Konuya ilişkin şube binasında basın toplantısı düzenleyen İnşaat Mühendisler Odası (İMA) Diyarbakır Şube Başkanı Nihat Noyan, ikinci bir Kartal vakası yaşanmadan önlemin alınması gerektiğini vurguladı. Noyan, “Diyarbakır'ın Bağlar ilçesi 5 Nisan Mahallesi 691. Sokakta bulunan Dilan Apartmanında Çevre ve Şehircilik İl Müdürlüğünün 22 Şubat 2019 tarihinde hasarlı olduğuna dair raporuna istinaden bina girişine tabela asılarak bu binanın tehlike arz ettiği belirtilmiştir. İMO Diyarbakır Şube olarak durumu tespiti ile ilgili yerinde yaptığımız inceleme, üç başlık altında değerlendirilmiştir. Kolan kesitiyle ilgili hasar, beton ezilmesi sonucu kolonların taşıma güçlerinden kaynaklı hasarlar, sonradan eklenen kiriş ve kolonlar şeklinde inceleme yapılmış. Orta bölgedeki kolonlarda meydana gelen ani hasar nedeniyle oluşan yapısal hasarlar tespit edilmiştir” dedi.
“Can ve mal güvenliği tehdit etmektedir”
“Beton dayanımının düşük olması, donatı düzenleme esaslarına uyulmaması, kolon ebatlarının mevcut yükü karşılayamamasından dolayı bir kolonun betonunda ezilme tespit edilmiş diğer üç kolonda ise çatlaklar meydana geldiği tespit edilmiştir” Noyan, “Kirişlerde de yer yer çatlaklar meydana geldiği gözlemlenmiştir. Bu ön inceleme sonucunda yapının taşıma gücü yitirdiği tarafımızca değerlendirilmiştir. Yapı mevcut haliyle can ve mal güvenliği tehdit etmektedir. Bundan dolayı yapının acilen boşaltılması ve çevre güvenliğinin alınması gerekmektedir. İlgili kurumlara çağrımızdır, ikinci bir Kartal vakası yaşanmadan görevlerini yapmaya davet ediyoruz. TMMOB İnşaat Mühendisleri Odası olarak bu işin takipçisi olacağımızı belirtiyoruz” diye konuştu.
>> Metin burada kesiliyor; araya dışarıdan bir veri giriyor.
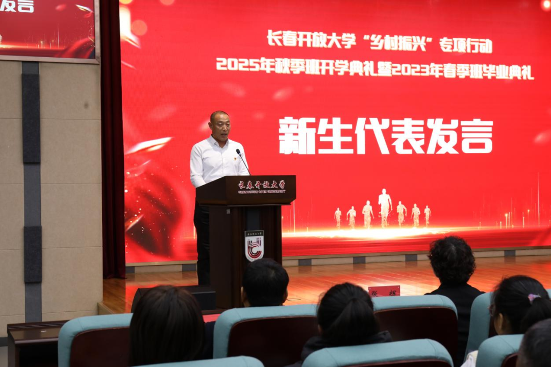 2025年秋季农村区域发展专业本科新生、双阳区太平镇桦木村村书记王成作为新生代表发言。他目光坚定,充满期待地表达了对未来学习的憧憬。他非常珍惜这来之不易的学习机会,并要把课堂所学转化为服务家乡的实际行动,为桦木村的振兴发展贡献自己的力量。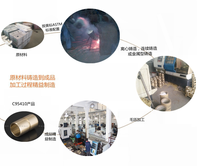 本產(chǎn)品實(shí)行ASTM標(biāo)準(zhǔn)………………………………………………… 根據(jù)客戶產(chǎn)品需求我們提供的鑄造方式有:離心鑄造,連續(xù)鑄造和金屬型鑄造?!?牌號(hào)C95410合金銅化學(xué)成分:Cu≥83 Fe3-5 Al10-11.5 Mn0.5 Ni1.5-2.5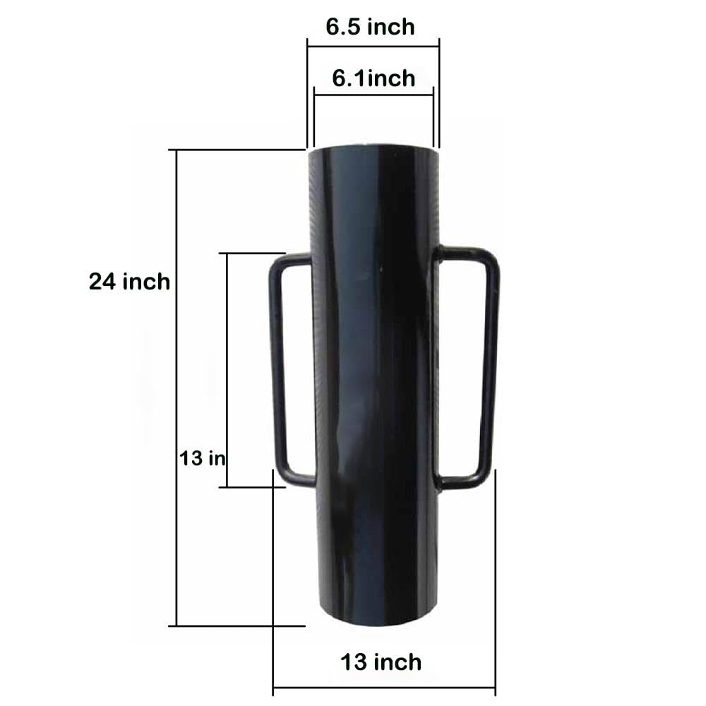 Product Size: 600mm (23.6 inches) overall length. 156mm (6.14 inches) inside diameter. Heavy steel construction: 34 pound drive weight. Heavy-wall pipe and sturdy thick rod handles. Weighted and reinforced steel head. Loop handles for comfortable gripping.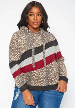 Plus Size Leopard Print Color Block Hooded Sweater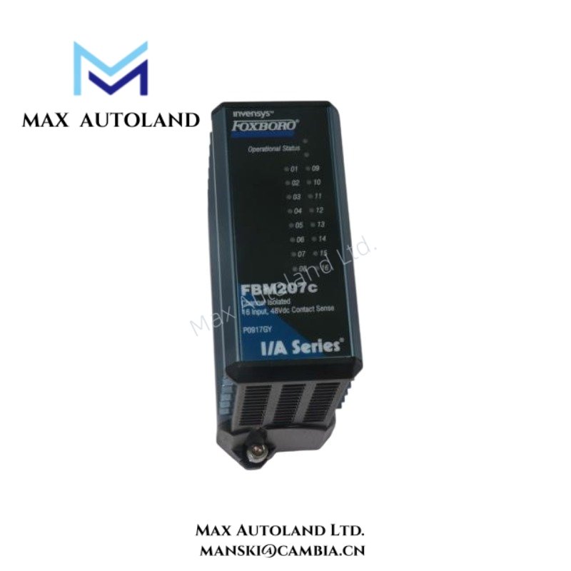 The Foxboro FBM207C P0917GY is a high-precision voltage monitor and contact sense input module designed for the I/A Series. It monitors voltage levels and detects contact signals while maintaining electrical isolation between inputs. Manufactured by Foxboro, this module integrates seamlessly with distributed control systems, providing stable and reliable input readings. Its compact design simplifies installation and conserves panel space without compromising performance.
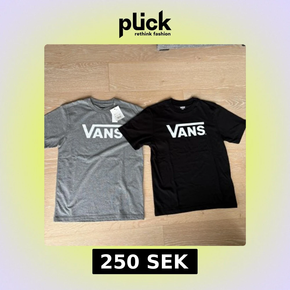 Två klassiska Vans t-shirts i storlek JR Large, en i svart och en i grått. Helt oanvända en med prislapp kvar och en utan. Båda har den ikoniska Vans-loggan tryckt i vitt framtill med en rund hals och korta ärmar. Pris för båda två, säljs endast ihop. Motagare står för frakt.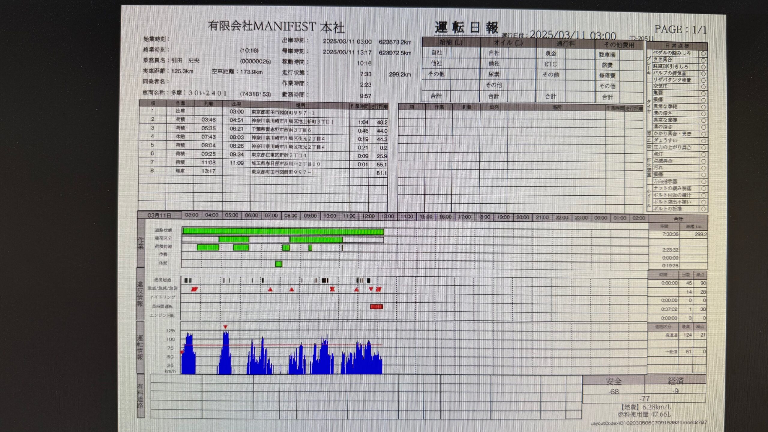 速度超過、急加速、急減速、長時間運転などに気を付け90点以上取れる安全運転で無事、帰って来れるようお願いいたしますm(_ _)m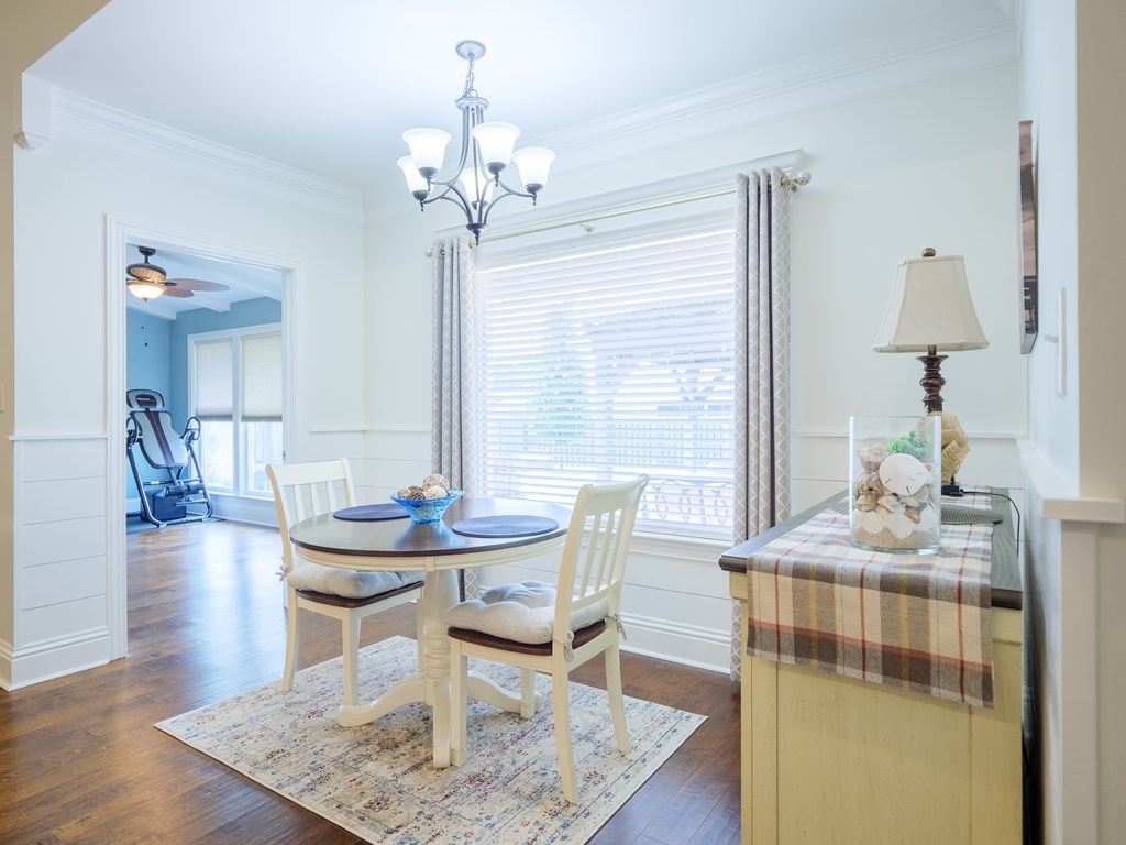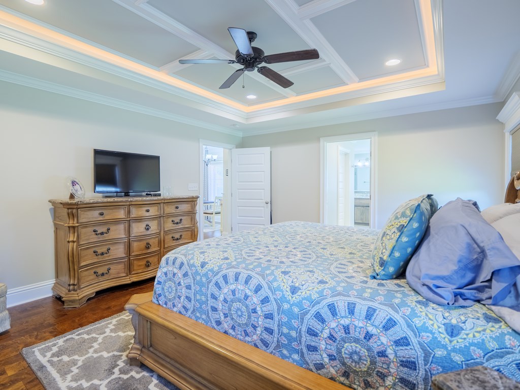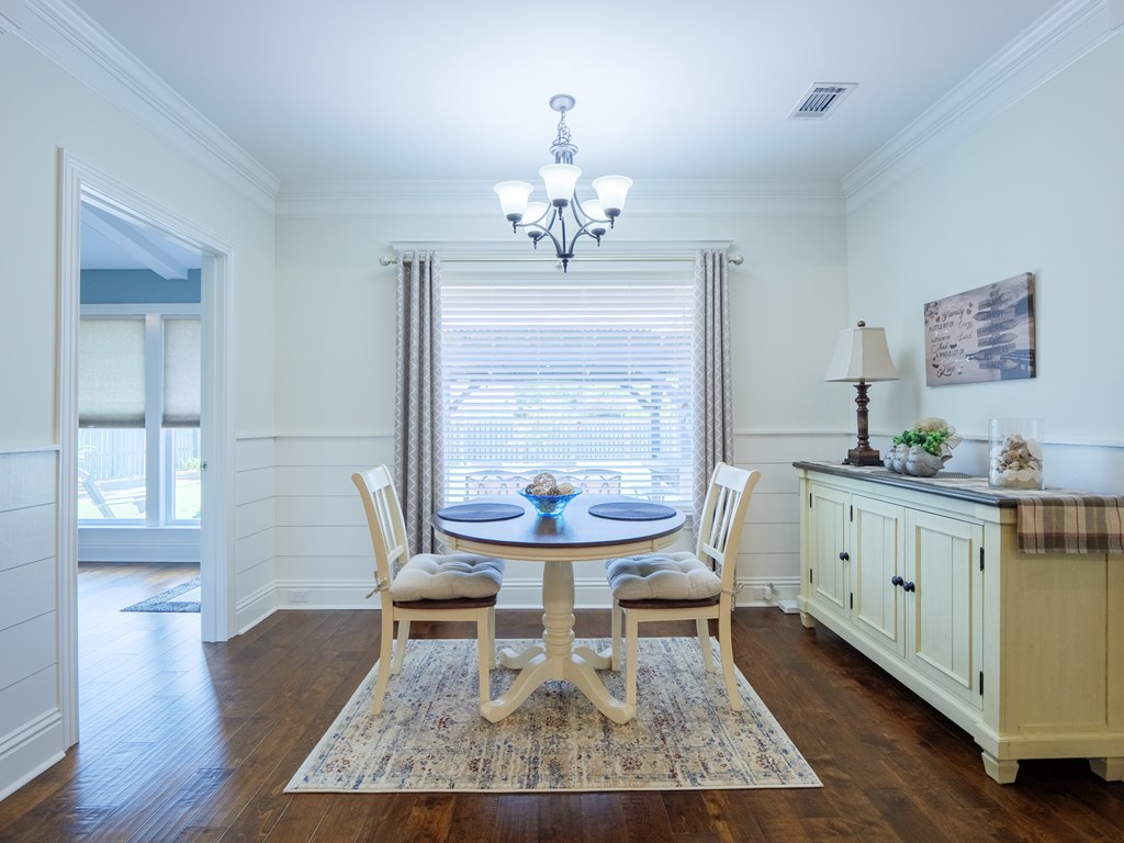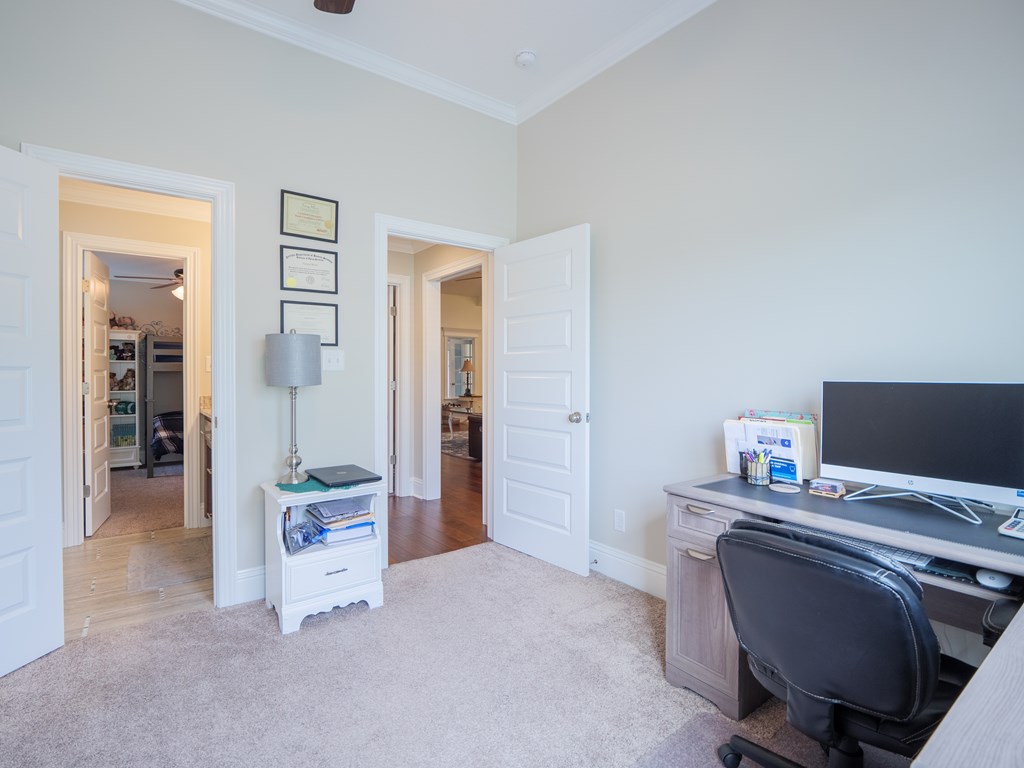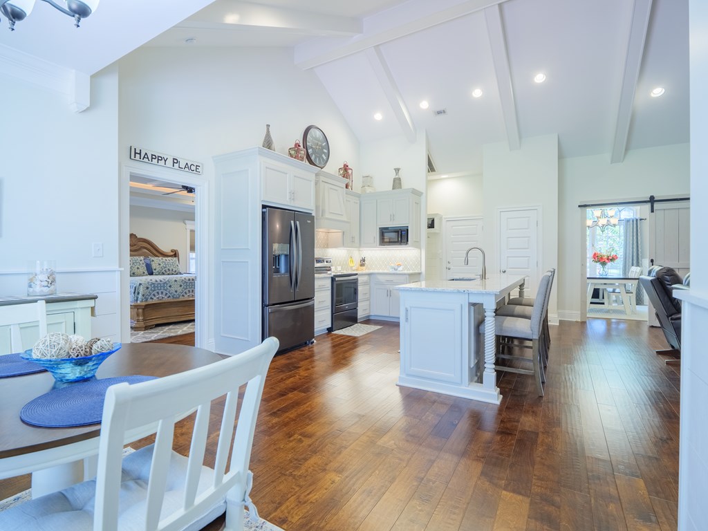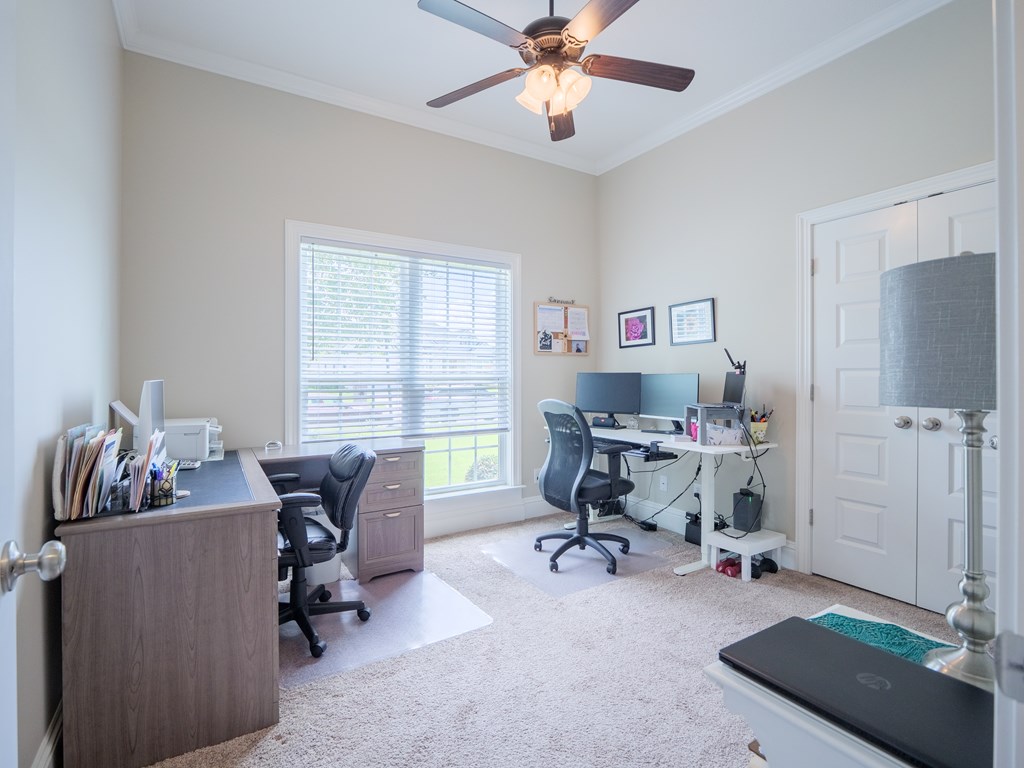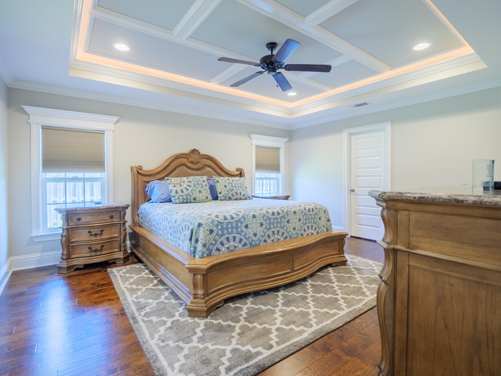 Located in the prestigious Kinderlou Forest Subdivision, this one-owner home built by Dixon Taylor Construction has been impeccably maintained. It could still easily pass as new construction! Featuring 4 bedrooms and 3 full baths, each bedroom offers private bath access for comfort and convenience. The open living room boasts a stone fireplace and flows seamlessly into the beautiful kitchen with granite countertops, tile backsplash, and abundant custom cabinetry. The spacious master suite includes two large walk-in closets, an en-suite bath with dual vanities, a corner soaking tub, tiled walk-in shower, and private water closet. Wood floors enhance much of the home, and the rear sunroom provides flexible living space with a pretty view of the patio sitting area in the fenced in back yard. A large 2-car garage plus a 3rd bay is perfect for golf carts, bikes, or storage. Enjoy manicured landscaping in both front and back yards. Community amenities include a staffed gated entrance, pools, tennis and pickleball courts, chapel, restaurant, playground, fitness center, and the renowned Davis Love III designed golf course. Truly a beautiful home! For more information on Kinderlou Forest S/D, visit their website at https://www.kinderlou-golf.com.
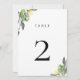 Chic dusty blue and yellow botanical floral table number card. Please note that table number cards must be numbered and added to cart individually.
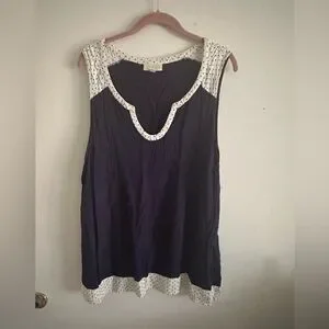Aesthetic retro ModCloth sleeveless top white polka dot trim. Plus size 3X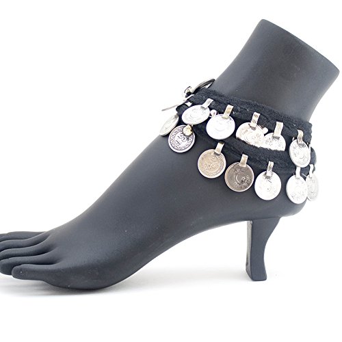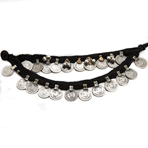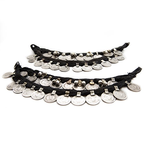 -. Title : Bohemian Gypsy Kuchi Fabric Anklet Cuff Pair with Afghani Coins and Soft Bells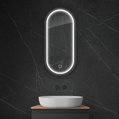 Oltens Nordlis lustro 40x90 cm owalne z oświetleniem z matą grzewczą czarny 64103300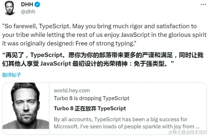 尽管目前 TypeScript 如日中天,取得了前所未有的成功。然而,在今年 8 月份,Ruby on Rails 的创建者 David Heinemeier Hansson(DHH) 从即将发布的 Turbo 框架第 8 版中删除了 TypeScript,并发文称 “通过添加微不足道的类型技巧,让我的开发体验变得更加糟糕,而且频繁引发很多困扰。本应简单的事情反而变得很困难。”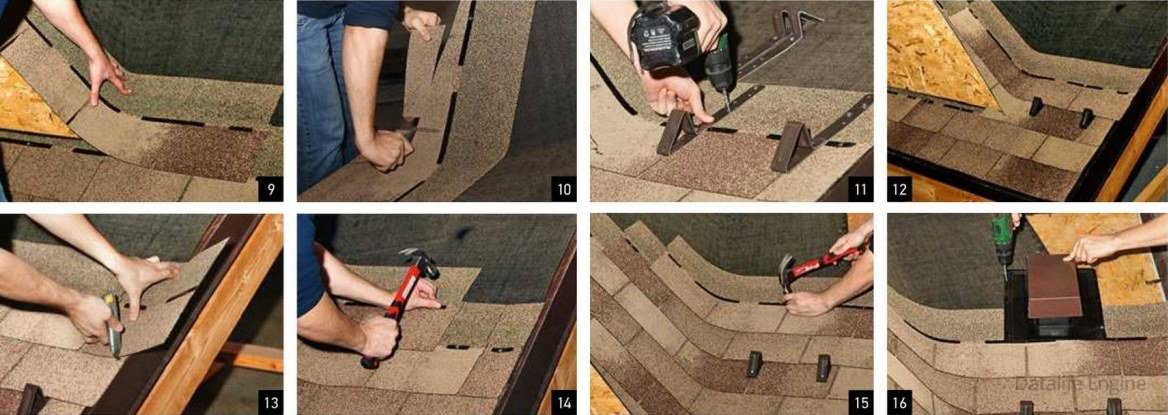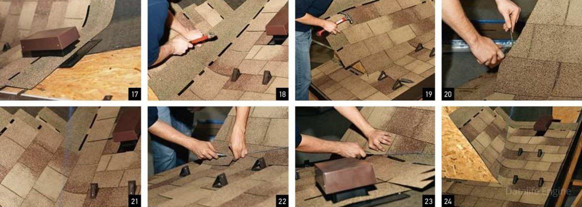 Их ножки привинчивают к основанию и закрывают черепицей следующего ряда. 13. Гонты на торце крыши обрезают для беспрепятственного стока воды вдоль фартука.

“İmar affı yıkımlara yol açacak”
İmar Affı'na da değinen Noyan, sağlıklı kentleşmenin ve güvenli yapılaşmanın birinci derecede sorumlusu olan iktidarın, mülkiyet, yapı grubu ve yapı sınıfı gibi idari ve teknik konuları mal sahibinin beyanına bağlayan tasarı ile bilimi, tekniği ve uygulayıcıları olan mühendis, mimar ve şehir planlama mesleklerini işlevsiz kıldığına işaret etti. İmar Affı'nın vatandaşın can ve mal güvenliğini yok saydığını ve beraberinde ciddi riskler taşıdığını savunan Noyan, affın uzun sürede yıkımlara yol açacağını iddia etti.
“Bina sakinleri tehlikenin farkında değil”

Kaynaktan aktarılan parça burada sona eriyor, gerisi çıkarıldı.